In September, Cheryl Hossle’s parents moved into St Faith’s Nursing Home in Cheltenham which is part of the charity Lilian Faithfull Care.
After 62 years of marriage they were able to stay together during, what turned out to be, the last six weeks of her father’s life. Cheryl shares her advice and experience, following many years of navigating through the care system, in case it is useful to others in a similar situation.
Cheryl’s mum Joyce has vascular dementia and her father Derek had been caring for her at home, as Cheryl explains;
“For several years we had home care but it got harder when mum forgot how to walk and became bed bound. It is really hard; the independent one [my dad] will always say that they are ‘fine’ all the time. I never saw my dad lose patience but he was stressed and losing strength. He was so tired all of the time. Home carers only came for half hour visits four times a day and so it was a very long night and day. Mum has an active brain and she didn’t have enough to entertain her, we could see she wasn’t happy and slipping away’’.
“In May mum needed permanent care and dad needed respite.”

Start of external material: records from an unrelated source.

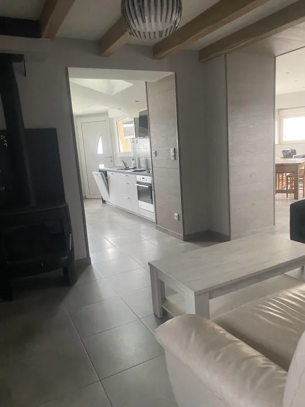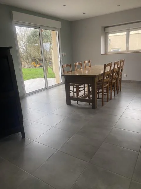 Un hall d'entrée avec placard - Un salon séjour donnant sur terrasse. Une cuisine équipée avec placards hauts et bas, plaque induction, hotte, donnant sur terrasse. Trois chambres dont deux avec placards. Une salle d'eau avec branchement lave linge. Un Wc indépendant. Garage fermé + stationnement devant maison. Une terrasse + un jardin
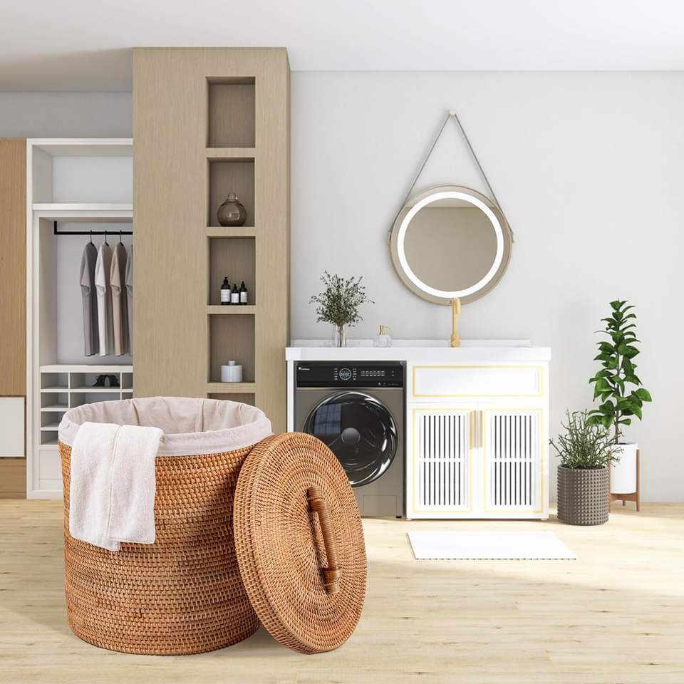 Impressionnant panier à linge en rotin avec couvercle panier à linge en rotin avec sac à doublure amovible grands paniers en osier rond
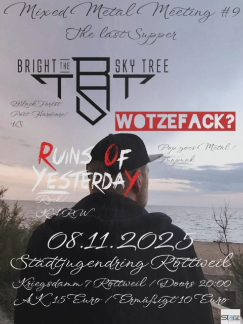 Ein Abend voller Energie, Emotion und harter Klänge erwartet euch im Stadtjugendring Rottweil. Drei Bands aus unterschiedlichen Ecken der Rock- und Metalwelt sorgen für ein Finale, das niemand verpassen sollte!

Cheryl’s parents moved into a nursing home, however when that home closed to nursing residents, Cheryl started searching again;
“I did investigate 30 homes before we came here. I didn’t visit them all but I did phone calls and drive-by’s and trawled through the CQC reports. I was looking for reliability and solidly good reports and I also looked at the activities they offered. [The home manager] Teresa’s knowledge and chat was hugely influential in helping us to know the best place to move my parents to, her advice was certainly the most useful. We had no complaints about where they were but coming here [St Faith’s] it’s like a palace, it’s out of this world.”
“Very quickly after arriving here Dad said ‘This is my home’ and told us ‘Your mother is looked after and loved’. He told us how all the staff were so kind and thoughtful and that gave us total trust in St Faith’s.”
“The care, activities, standard of cleanliness, furnishings and equipment are amazing. The carers don’t just help with feeding but they are engaging with the residents at the same time. It is how they talk to people – that is excellent here. Even though mum has dementia she is treated with respect. All the little details makes the big picture work.”
“Something people should know is that once [your loved ones] are being cared for, fed properly and sleeping well they can rally quite a bit and that is a really precious piece of time to have with them.”
“Mum is a very happy person here. Looking at her now and all the things she is doing, she has a good quality of life. In the last few months she’s enjoyed watching Scottish dancing, animals visiting and all the music. Mum was a piano teacher and can still read music and tries to play the piano and so the music here is important.”
“Mum is on a puree only diet and here it is all beautifully piped and set out. They make it as normal as possible and they also prepare things like tiramisu which she can still enjoy.”
Cheryl’s father recently passed away. “I am sitting here knowing he had a wonderful time full of gentle care, for the six weeks he was here.”
Joyce & Derek had a double room in St Faith’s Fairhaven Suite which specialises in end of life care. “The carers were so brilliant and very gentle with him. I honestly don’t think you could get better care. When the phone call came saying that dad had passed away, the nurse who called me was able to talk me through the next steps and what we needed to do.“
“I don’t think going into care is something to be feared”
“For anyone going through this I would absolutely say, don’t panic. It can be the best way forward for the whole family.”